I am new to homomorphic encryption and I would like to use it to encrypt data, store it in a database and then perform operations with it (addition, multiplication, etc) and in the future apply machine learning techniques on this encrypted data.

@dcousins sorry, I didn’t mention you

yes, while you can encrypt a single value, each of those schemes supports encrypting a vector. See @Caesar 's post Is there a limit to plaintext size? for a good discussion.
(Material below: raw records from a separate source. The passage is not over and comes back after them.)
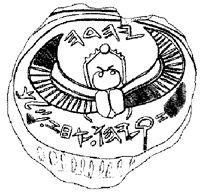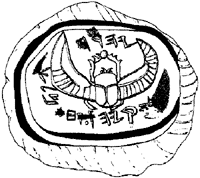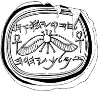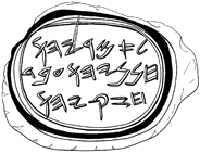 Abb. 2: Siegel mit der Inschrift „Eigentum Hiskias [des Sohnes] Ahas, König von Juda“. Das Piktogramm zeigt eine geflügelte Sonnenscheibe.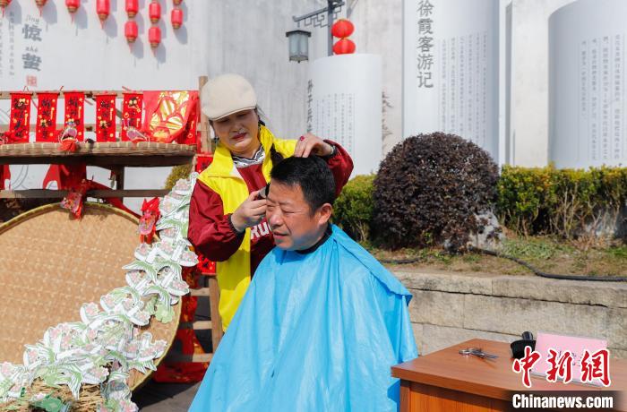 中新网湖州3月1日电(胡丰盛 车建民)剃龙头、看龙舞、吃龙食、坐花船……3月1日,正值农历“二月二龙抬头”,在浙江省湖州市吴兴区八里店镇潞村,春日活动轮番上阵。来自四面八方的游客汇聚到这里,体验了一把江南水乡的传统节日风情。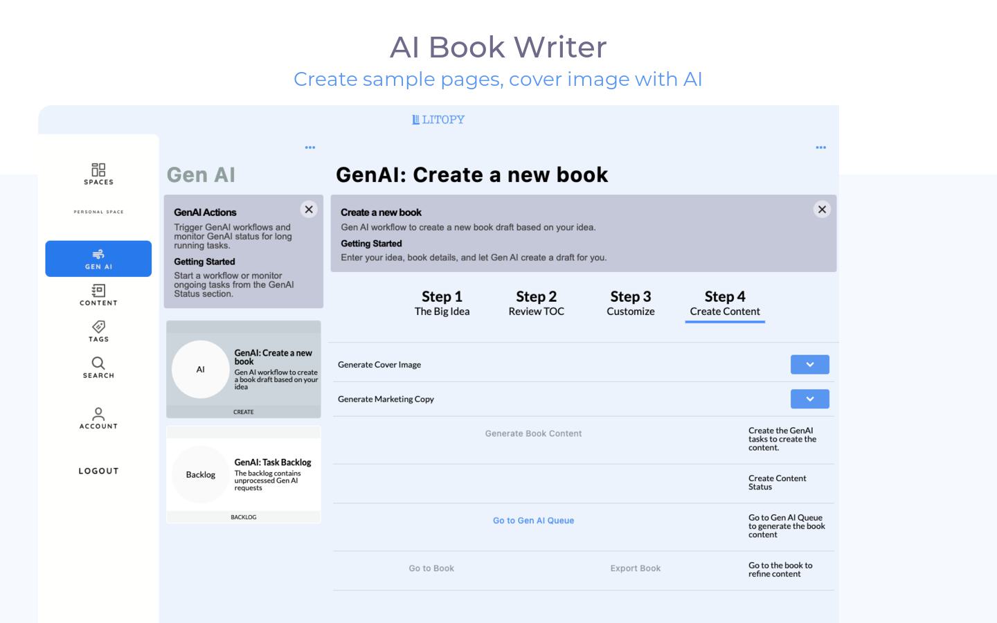 Tell Litopy your big idea and let the AI writing assistant go to work. Choose from different book sizes and let AI create a draft table of contents that you can modify. Then let AI write draft chapters for you - from mini booklets to full featured books with 200+ pages.

@dcousins I have read the post but it is not exactly what I would like to know. Like you said in your first answer:

CT can be serialized to a binary buffer or a json string using the Serialize method and both could be written directy to files using the method you pointed out. Both will be very, very large. Saving a ciphertext in a conventional data base may not be the best thing to do

A CT has a very large value and size so with a database with many CTs it will not be scalable as it would require a lot of storage space, right?

If I want to store this in a database like MySQL how would you advise me to do it? or is it not recommended?

Thanks!

@jtovartr There’s a bit of nuance here that might go over your head (especially as a newbie). Say we have the following dataset:

X = [
    [ 0,  1,  2,  3],
    [ 4,  5,  6,  7],
    [ 8,  9, 10, 11],
    [12, 13, 14, 15],
    [16, 17, 18, 19]
])

Two things to keep in mind:

  1. Oftentimes, we have more rows than columns in the dataset.
  2. Encryption is slow.

So, instead of encrypting row-by-row, we encrypt column-wise. So, we might have something like the following (think of this as a transpose and then an encrypt):

encX = [
       enc([ 0,  4,  8, 12, 16, 0,0,...0]),
       enc([ 1,  5,  9, 13, 17, 0,0,...0]),
       enc([ 2,  6, 10, 14, 18, 0,0,...0])),
       enc([ 3,  7, 11, 15, 19, 0,0,...0])
]

in general, the number of generated ciphertexts is the number of features that we have. One question you may have is “Where did those extra 0’s come from?” and the answer is that it’s for the sake of security. These extra 0’s are part of what makes these ciphertexts so large. Depending on your security parameters, each ciphertext can come up to storing 131_072 integers at once. Depending on your use-case that might be acceptable but I think it depends.

Extra Details

Want to know what other things affect your ciphertext size?

HTH!

when you select all the paramters for a scheme, you will get a resutling ciphertext size. it is based on how much computation (multiplicative depth) you want to do before bootstrapping, as well as security settings.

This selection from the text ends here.